### Data items
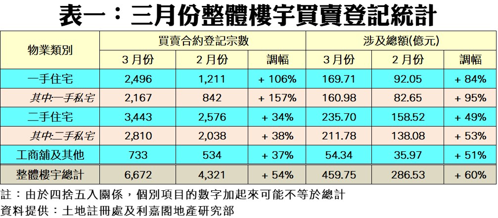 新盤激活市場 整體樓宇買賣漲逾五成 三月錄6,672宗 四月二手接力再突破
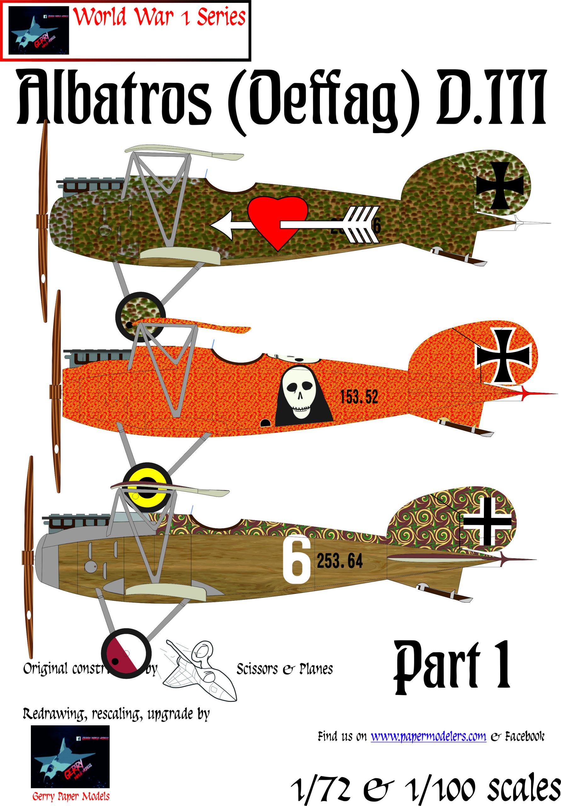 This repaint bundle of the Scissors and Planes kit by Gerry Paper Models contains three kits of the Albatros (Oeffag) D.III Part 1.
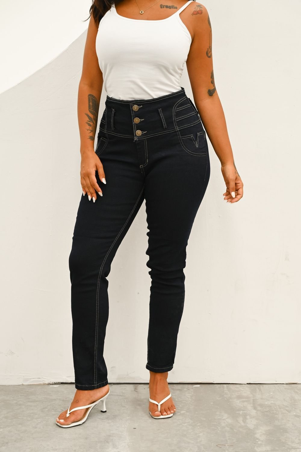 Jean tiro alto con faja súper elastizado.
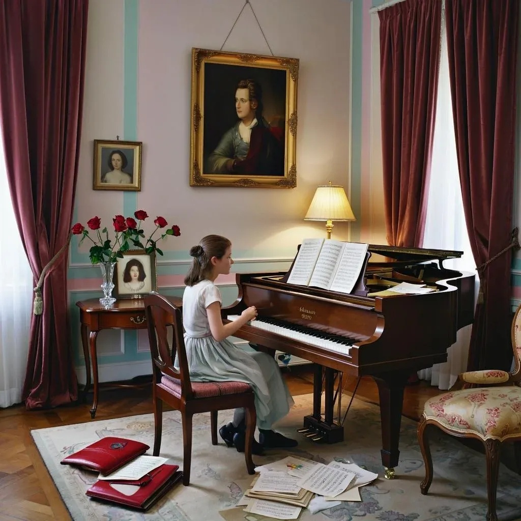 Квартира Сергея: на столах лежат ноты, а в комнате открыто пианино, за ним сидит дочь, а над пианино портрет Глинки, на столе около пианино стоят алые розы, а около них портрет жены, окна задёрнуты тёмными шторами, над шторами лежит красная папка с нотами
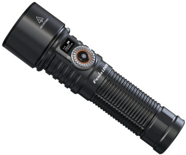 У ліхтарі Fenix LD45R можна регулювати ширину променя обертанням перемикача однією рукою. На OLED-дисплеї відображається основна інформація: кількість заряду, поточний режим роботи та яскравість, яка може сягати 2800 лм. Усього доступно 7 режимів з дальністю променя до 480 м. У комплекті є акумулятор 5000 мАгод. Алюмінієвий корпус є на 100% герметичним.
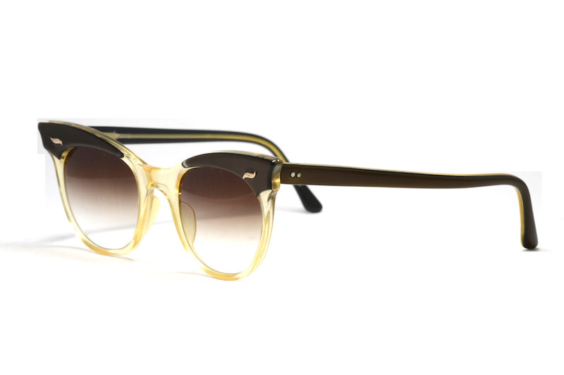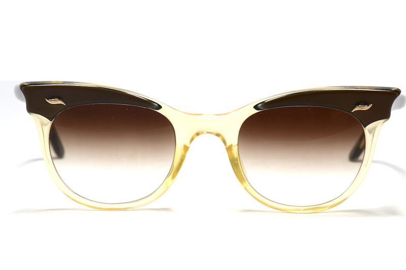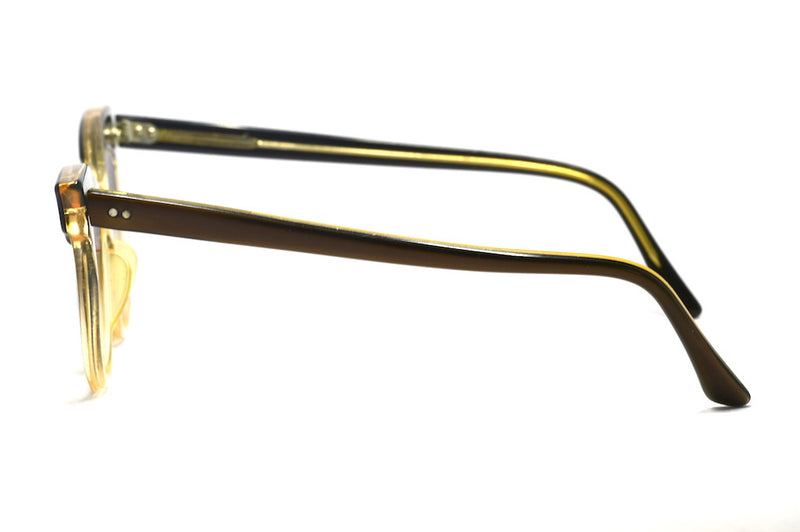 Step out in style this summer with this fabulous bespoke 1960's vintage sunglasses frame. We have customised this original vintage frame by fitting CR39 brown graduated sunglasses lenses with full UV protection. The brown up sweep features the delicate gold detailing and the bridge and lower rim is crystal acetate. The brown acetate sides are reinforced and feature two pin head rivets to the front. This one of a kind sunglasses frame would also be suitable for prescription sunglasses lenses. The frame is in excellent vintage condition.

### The problem
From the opening line of the entries above to the line containing "У ліхтарі Fenix", please transcribe each line exactly, skipping every picture.

### Reply
 新盤激活市場 整體樓宇買賣漲逾五成 三月錄6,672宗 四月二手接力再突破
 This repaint bundle of the Scissors and Planes kit by Gerry Paper Models contains three kits of the Albatros (Oeffag) D.III Part 1.
 Jean tiro alto con faja súper elastizado.
 Квартира Сергея: на столах лежат ноты, а в комнате открыто пианино, за ним сидит дочь, а над пианино портрет Глинки, на столе около пианино стоят алые розы, а около них портрет жены, окна задёрнуты тёмными шторами, над шторами лежит красная папка с нотами
 У ліхтарі Fenix LD45R можна регулювати ширину променя обертанням перемикача однією рукою. На OLED-дисплеї відображається основна інформація: кількість заряду, поточний режим роботи та яскравість, яка може сягати 2800 лм. Усього доступно 7 режимів з дальністю променя до 480 м. У комплекті є акумулятор 5000 мАгод. Алюмінієвий корпус є на 100% герметичним.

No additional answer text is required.